Board member Jarett Sanchez said the county should be “more proactive” about determining such requests, and that any changes should be made before the matter reaches the full board meeting.
As for the strategic plan, Pierog confirmed that the county does not currently have a strategic plan contract, since its previous contract was not funded and then left to expire, but this funding request would allow the county to pursue a contract in the future.
Though the board was largely united in its support for a strategic plan, it was split about whether now is the time for it, and whether it should get riverboat funds.
Board member Mavis Bates, for example, said she “(doesn’t) see how (the county) can possibly afford not to have a strategic plan.”
But board member David Young said he feels the strategic plan doesn’t fit with the goals of the riverboat fund in the first place.
And board members Jon Gripe and Michelle Gumz said they think the county needs to do some work before it again pursues the strategic plan. Gumz, for her part, suggested that the board could ask county leadership about their top priorities, and that funding for the strategic plan contract could be approved later.
Board member Clifford Surges similarly pointed out that the county could “set the table” for the strategic plan first and then revisit the matter down the road.

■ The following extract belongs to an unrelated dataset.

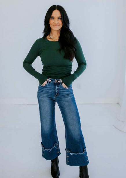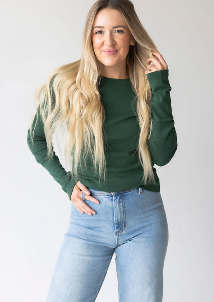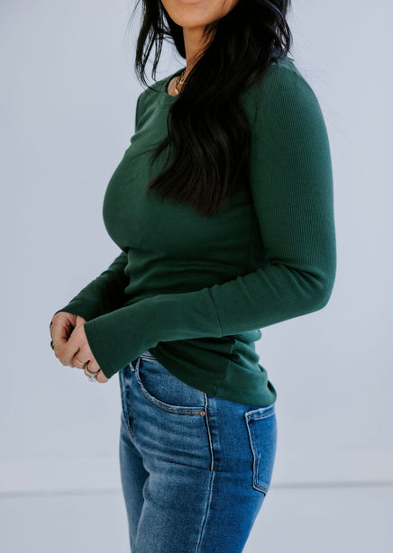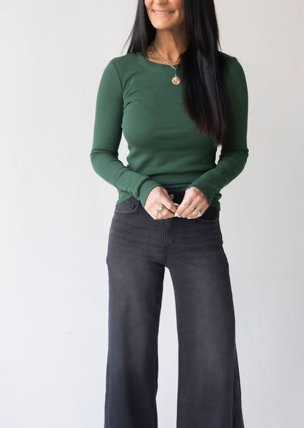 Upgrade your collection of basics with this soft long sleeve top! Once you put this on and see how wonderful it feels, you will want to get it in every color! Features a crew neck and ribbed long sleeves. Lightweight fabrication makes this top perfect for layering. Destined to be one of your go-to faves! Whether she's worn alone or layered under a slip dress this top is seriously cute! This beyond-basic tee starts with a stretchy knit construction, complete with ribbed accents at the sleeves and neckline. Always the perfect pick for your fave high-waisted jeans.
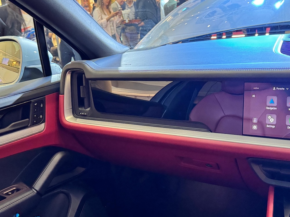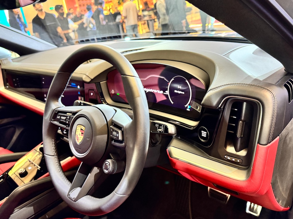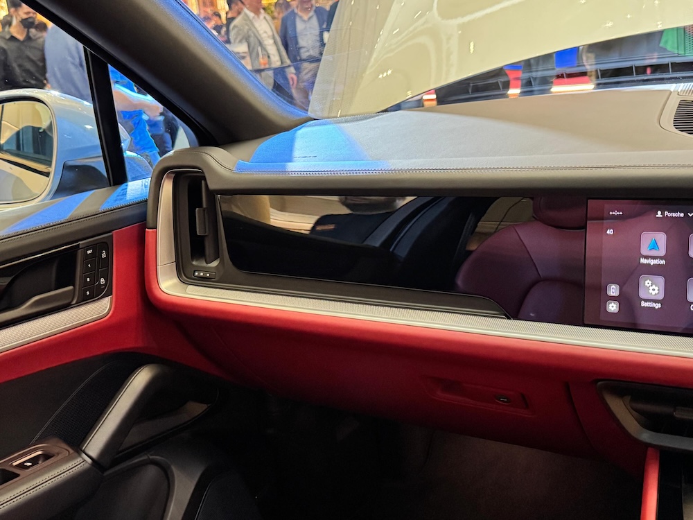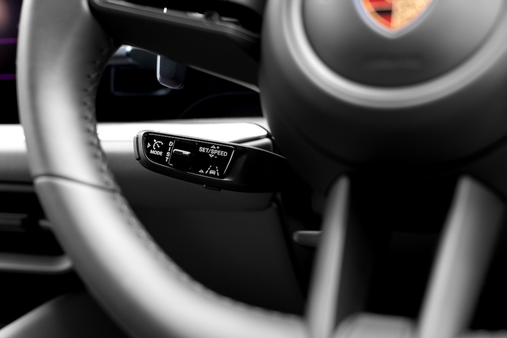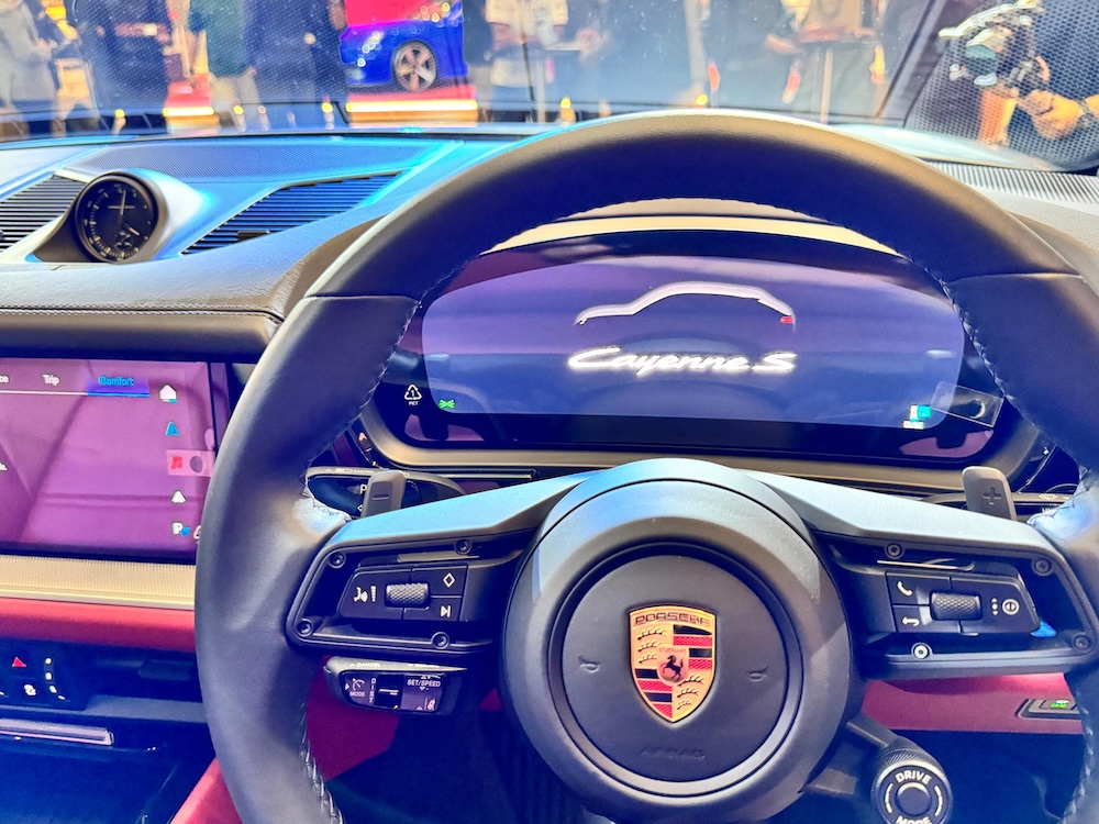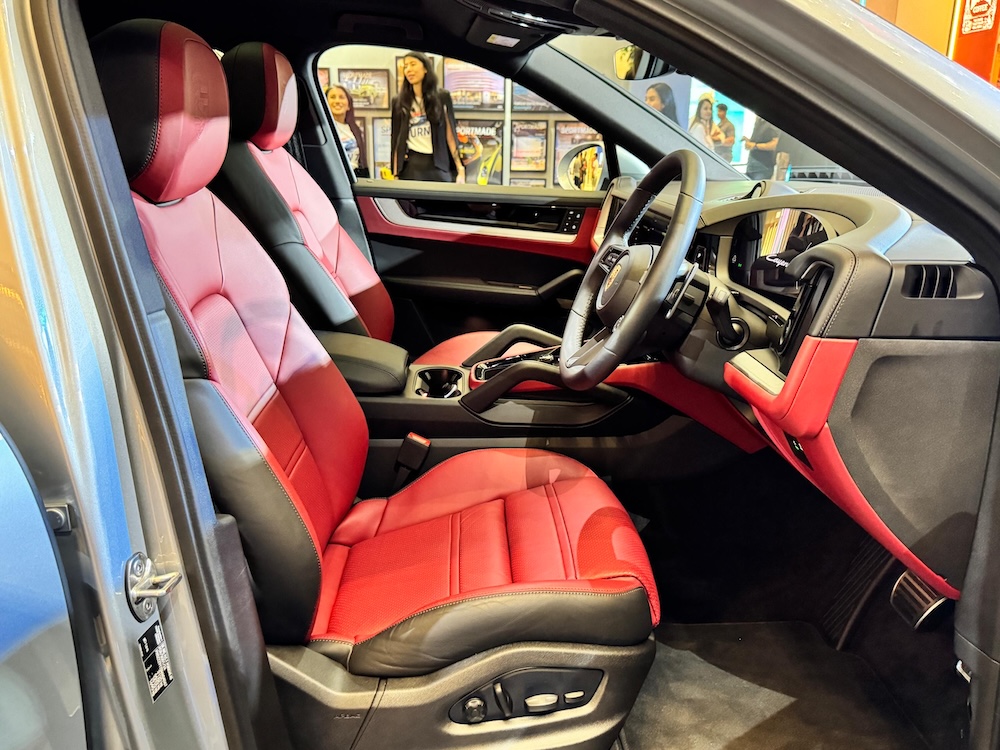 - Bahagian kabin dilengkapi stereng GT sport, sistem audio bunyi keliling BOSE, kerusi kulit dengan logo Porsche, dan kawalan penyaman udara empat zon.

Ultimately, the board opted to remove the strategic plan request from its allocations of the riverboat funding, too, to which Pierog said the board now needs to decide if it wants to use money from the county’s general fund to pay for it.
The board also passed an adjustment to the original requests that removes $50,000 from a Child Advocacy Center project slated to get over $1 million and allocates those funds to the county board’s Farmland Preservation program to fund it at the level it was initially requested.
Discussion about RTA sales tax funds
One matter the board did not find consensus on, however, was the allocation of the county’s RTA sales tax funds.
The RTA sales tax helps fund public transportation in Cook and the collar counties. The RTA collects a 0.75% tax in Kane and the other collar counties, one-third of which is distributed back to each county for it to spend on transportation and public safety.
In fiscal year 2024, for example, Kane County received just over $26 million in RTA sales tax funding. Almost $20 million of that went toward transportation and the rest to public safety and judicial safety funds.
Last year, however, a measure passed by the county board increased the amount of that sales tax revenue to the general fund so that half of the county’s RTA sales tax revenue was allocated for public safety and judicial costs, while the other half went toward transportation costs and capital projects.
That reallocation was only for one year, however, meaning any future reallocations had to come before the board again for approval.
So, on May 12, the board discussed — but ultimately failed to approve — extending the same reallocation as last year.
The measure considered by the board stipulated that 35% of the RTA sales tax funds the county receives would go to its general fund for public safety operating costs, with 9% going toward capital projects related to public safety and 6% to capital projects relating to technology improvements for the judicial system. The remaining half would go toward transportation costs.
Discussion from the board centered around concern about the reduction in funds toward county transportation costs.
“Everyone is affected,” board member Mohammad Iqbal said of transportation needs in the county.
Allan also argued that more of the funds should go toward transportation, pointing out that the board last year had agreed that the prior reallocation was a one-time fix.
A motion to send the matter back to the Finance Committee ultimately failed, but the measure also failed to secure the needed votes for approval last week.
“Goes back to the drawing board,” Pierog said at the meeting.